Task: Please set down each of the lines below once more, exactly, omitting all pictures.

Dataset content:
=== Section Start ===

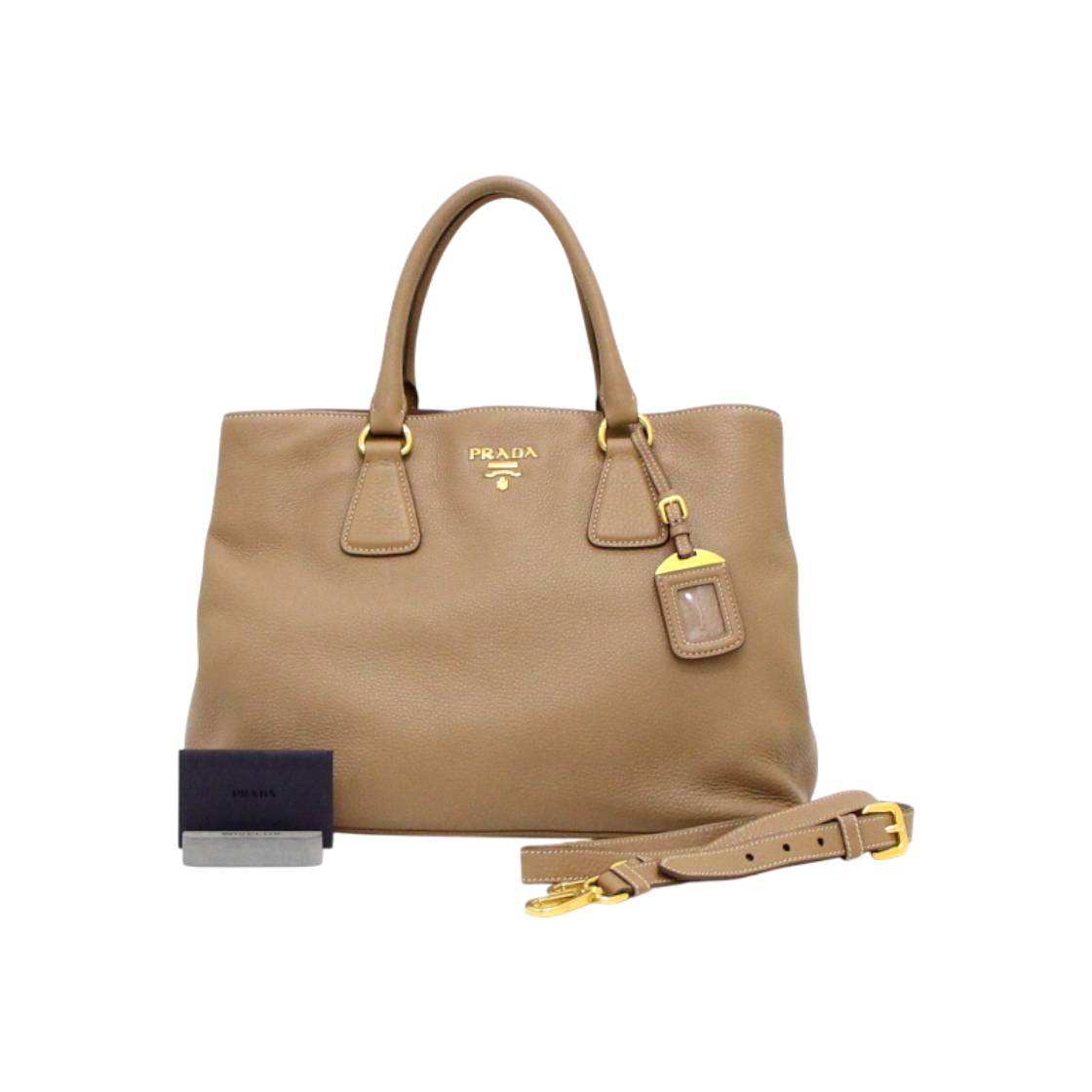 프라다 BN2794 브라운 골드 로고 비텔로 다이노 토트백 겸 숄더백 aa57188
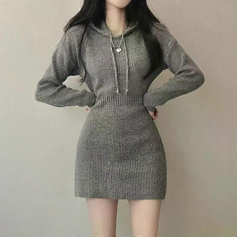 Sexy White Thicken Knit Mini Dress Woman Korean Elastic High Waist Bandage Dresses Women Hooded Outwear Long Sleeve Slim Dress
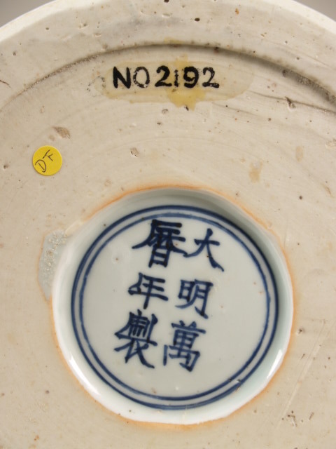 op het middenvlak van de bodem in kobaltblauw onder het glazuur zesmerk Wan-li in dubbele ring. (Nederlands)
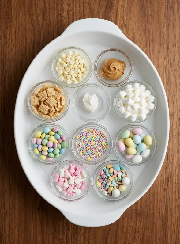 • 100g small pastel chocolate candies or bunny-shaped candies (adorable Easter charm).

=== Section End ===

Exercise result:
 프라다 BN2794 브라운 골드 로고 비텔로 다이노 토트백 겸 숄더백 aa57188
 Sexy White Thicken Knit Mini Dress Woman Korean Elastic High Waist Bandage Dresses Women Hooded Outwear Long Sleeve Slim Dress
 op het middenvlak van de bodem in kobaltblauw onder het glazuur zesmerk Wan-li in dubbele ring. (Nederlands)
 • 100g small pastel chocolate candies or bunny-shaped candies (adorable Easter charm).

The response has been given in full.